[Stored records]

· · · ·

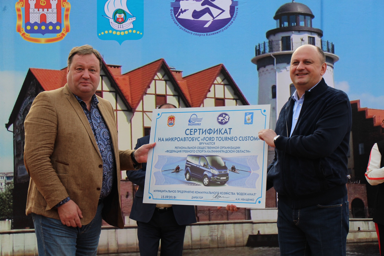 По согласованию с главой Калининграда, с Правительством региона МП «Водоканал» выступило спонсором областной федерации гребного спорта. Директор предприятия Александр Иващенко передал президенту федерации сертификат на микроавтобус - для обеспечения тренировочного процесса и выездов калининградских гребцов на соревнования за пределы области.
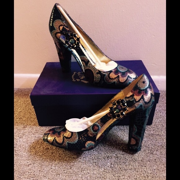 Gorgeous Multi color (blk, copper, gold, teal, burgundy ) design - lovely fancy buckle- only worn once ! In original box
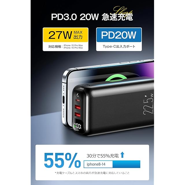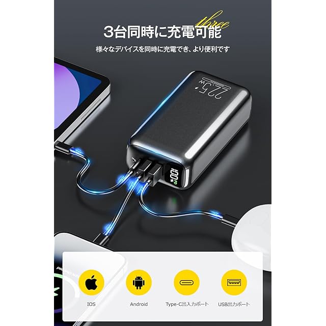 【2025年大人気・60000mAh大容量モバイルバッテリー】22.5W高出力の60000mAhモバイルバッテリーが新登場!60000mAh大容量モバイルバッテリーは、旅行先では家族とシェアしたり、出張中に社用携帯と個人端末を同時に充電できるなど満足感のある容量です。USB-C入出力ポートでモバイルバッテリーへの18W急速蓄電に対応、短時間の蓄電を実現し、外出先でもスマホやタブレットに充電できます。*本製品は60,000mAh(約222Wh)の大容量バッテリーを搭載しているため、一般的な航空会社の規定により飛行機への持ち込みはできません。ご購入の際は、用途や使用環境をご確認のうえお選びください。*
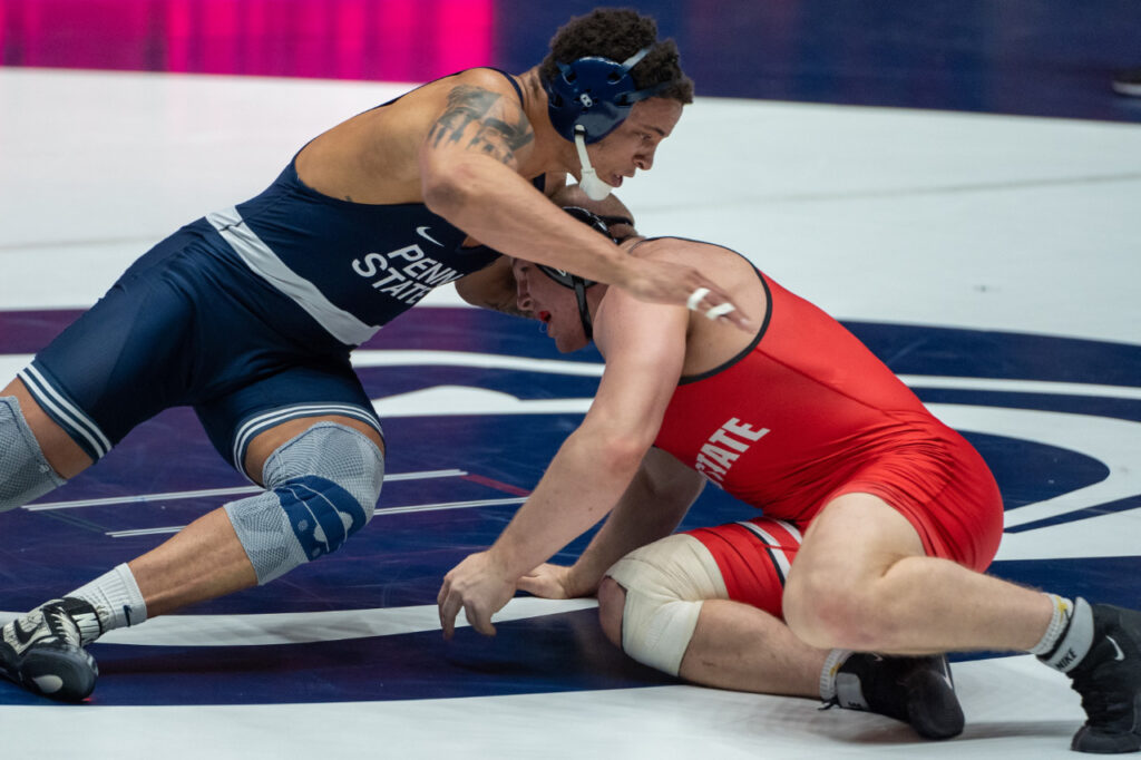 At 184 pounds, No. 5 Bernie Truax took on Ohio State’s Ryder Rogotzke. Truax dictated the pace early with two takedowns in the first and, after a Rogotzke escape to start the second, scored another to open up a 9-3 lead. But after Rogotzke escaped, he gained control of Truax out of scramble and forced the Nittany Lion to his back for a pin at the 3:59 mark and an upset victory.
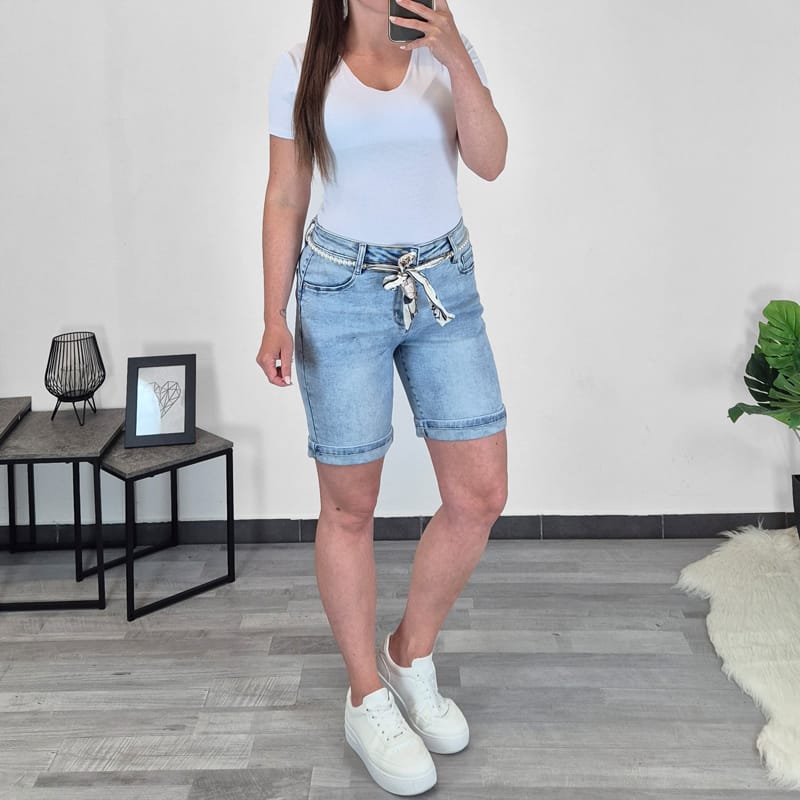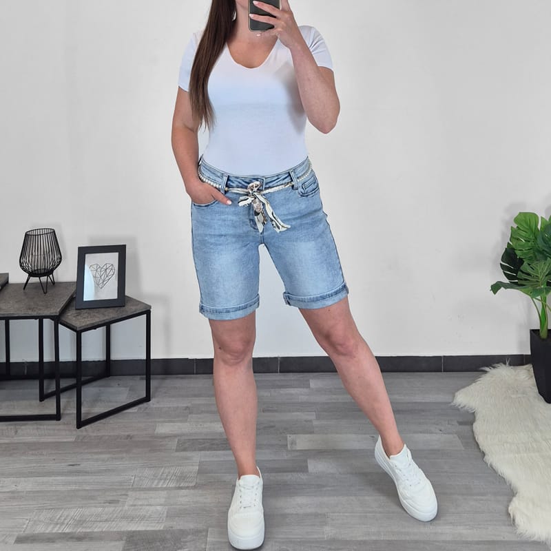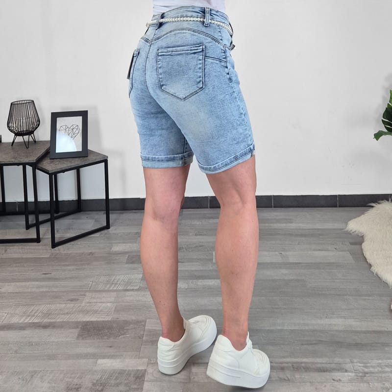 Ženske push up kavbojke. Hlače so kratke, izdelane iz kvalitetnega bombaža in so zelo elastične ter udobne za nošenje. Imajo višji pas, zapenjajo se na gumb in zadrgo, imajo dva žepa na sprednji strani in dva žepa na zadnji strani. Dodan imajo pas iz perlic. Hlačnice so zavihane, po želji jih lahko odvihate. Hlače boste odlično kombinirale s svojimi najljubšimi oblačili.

· · · ·

▶ **WORK ORDER**
Please copy the records above word for word, leaving out every picture.

▶ **ANSWER SPACE**
 По согласованию с главой Калининграда, с Правительством региона МП «Водоканал» выступило спонсором областной федерации гребного спорта. Директор предприятия Александр Иващенко передал президенту федерации сертификат на микроавтобус - для обеспечения тренировочного процесса и выездов калининградских гребцов на соревнования за пределы области.
 Gorgeous Multi color (blk, copper, gold, teal, burgundy ) design - lovely fancy buckle- only worn once ! In original box
 【2025年大人気・60000mAh大容量モバイルバッテリー】22.5W高出力の60000mAhモバイルバッテリーが新登場!60000mAh大容量モバイルバッテリーは、旅行先では家族とシェアしたり、出張中に社用携帯と個人端末を同時に充電できるなど満足感のある容量です。USB-C入出力ポートでモバイルバッテリーへの18W急速蓄電に対応、短時間の蓄電を実現し、外出先でもスマホやタブレットに充電できます。*本製品は60,000mAh(約222Wh)の大容量バッテリーを搭載しているため、一般的な航空会社の規定により飛行機への持ち込みはできません。ご購入の際は、用途や使用環境をご確認のうえお選びください。*
 At 184 pounds, No. 5 Bernie Truax took on Ohio State’s Ryder Rogotzke. Truax dictated the pace early with two takedowns in the first and, after a Rogotzke escape to start the second, scored another to open up a 9-3 lead. But after Rogotzke escaped, he gained control of Truax out of scramble and forced the Nittany Lion to his back for a pin at the 3:59 mark and an upset victory.
 Ženske push up kavbojke. Hlače so kratke, izdelane iz kvalitetnega bombaža in so zelo elastične ter udobne za nošenje. Imajo višji pas, zapenjajo se na gumb in zadrgo, imajo dva žepa na sprednji strani in dva žepa na zadnji strani. Dodan imajo pas iz perlic. Hlačnice so zavihane, po želji jih lahko odvihate. Hlače boste odlično kombinirale s svojimi najljubšimi oblačili.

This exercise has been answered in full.